Create an Azure Machine Learning data labeling project

Completed

A common task when developing a custom object detection model is the need to process unlabeled image data so that it can be converted to a labeled dataset for model training and validation purposes. Unlabeled data often features various samples that reflect the type of data that would be captured at the site where the object detection model is to be employed. This data could include subtle transformations, for example, introduction of "noise" into the image data to produce a more robust training set. Azure Machine Learning Data Tools in Azure Machine Learning studio allow teams to manage their collections of unlabeled data into labeled datasets that accommodate the classes that would be detected by the trained object detection model.

Create an Azure Machine Learning data labeling project

  1. If you haven't already launched the Azure Machine Learning studio from the Machine Learning Overview mentioned at the end of the previous section, sign in to Azure Machine Learning studio now, and select your workspace.

  2. On the left-hand pane, locate the Manage section and select Data Labeling.

    A screenshot showing the Data Labeling option is highlighted.

  3. On the resulting screen, select + Create.

    A screenshot showing the + Create option is highlighted.

  4. Under the Project details section, give your project a name that is specific to the particular detection task at hand and select Object Identification (Bounding Box) from the menu, then select Next.

    A screenshot showing the Project Details options.

  5. In the Add workforce (optional) screen, we'll leave the option disabled and select Next to continue.

    A screenshot showing Add workforce is disabled.

  6. When prompted to Select or create dataset choose + Create dataset and select the From datastore option.

    A screenshot showing the from datastore option is highlighted.

  7. Give your new dataset the unique name, for example, sodaObjects that reflects the images captured in support of the detection task and select Next.

    A screenshot showing the basic info section of the datastore creation prompt is shown.

  8. Under Datastore selection, choose the datastore name that you added previously, which contains the untagged image data. Here, you can also provide a wildcard path if you wish to pull only images from specified partitions. If you wish to pull all images from the container, enter / as the path and select Next.

    A screenshot showing the Datastore selection options.

  9. Confirm details about your new dataset and select Create.

    A screenshot showing the confirm details section.

  10. Choose the newly created dataset, then select Next.

    A screenshot showing the newly created dataset has been chosen.

  11. You'll be prompted to Enable incremental refresh at regular intervals.
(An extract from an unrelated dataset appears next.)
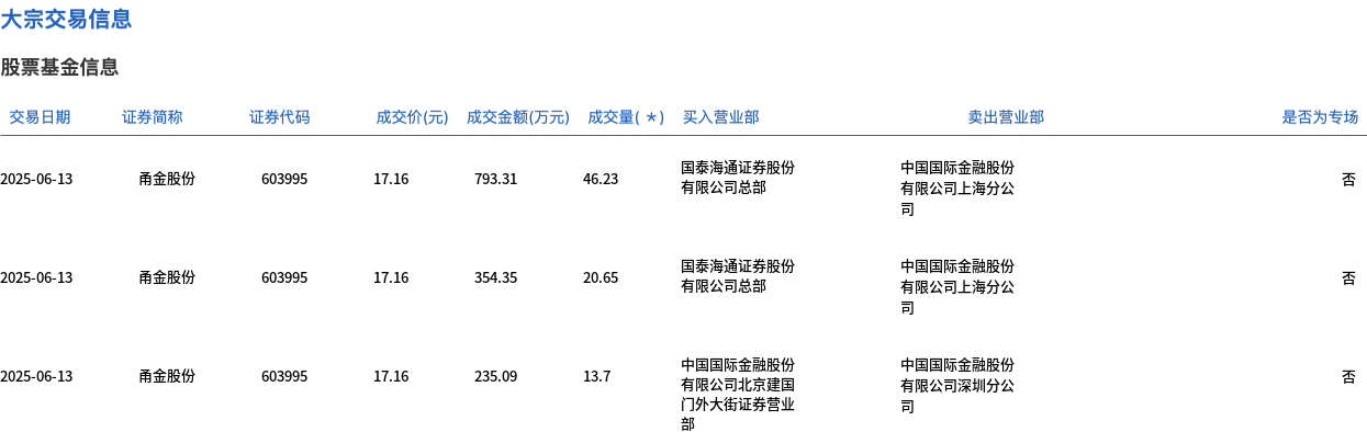 6月13日,甬金股份大宗交易成交80.58万股,成交额1382.75万元,占当日总成交额的3.08%,成交价17.16元,较市场收盘价17.16元持平。

This feature will automatically add newly captured images to your data labeling project. Enable this option as shown, then select Next.

    A screenshot showing the incremental refresh option is enabled.

  12. On the next panel, add label classes for all objects or defects you wish to detect - include positive and negative classes here.

    A screenshot showing the list of label classes.

  13. You may optionally add labeling instructions in the following section, we'll leave this section empty and select Next.

    A screenshot showing the labeling instructions options.

  14. You can optionally use ML assisted labeling which will accelerate your data labeling process, particularly as more data is captured. For this Learning Module, we won’t be using this option. Disable the option as shown then select Create project.

    A screenshot showing the ml assisted labeling option as disabled.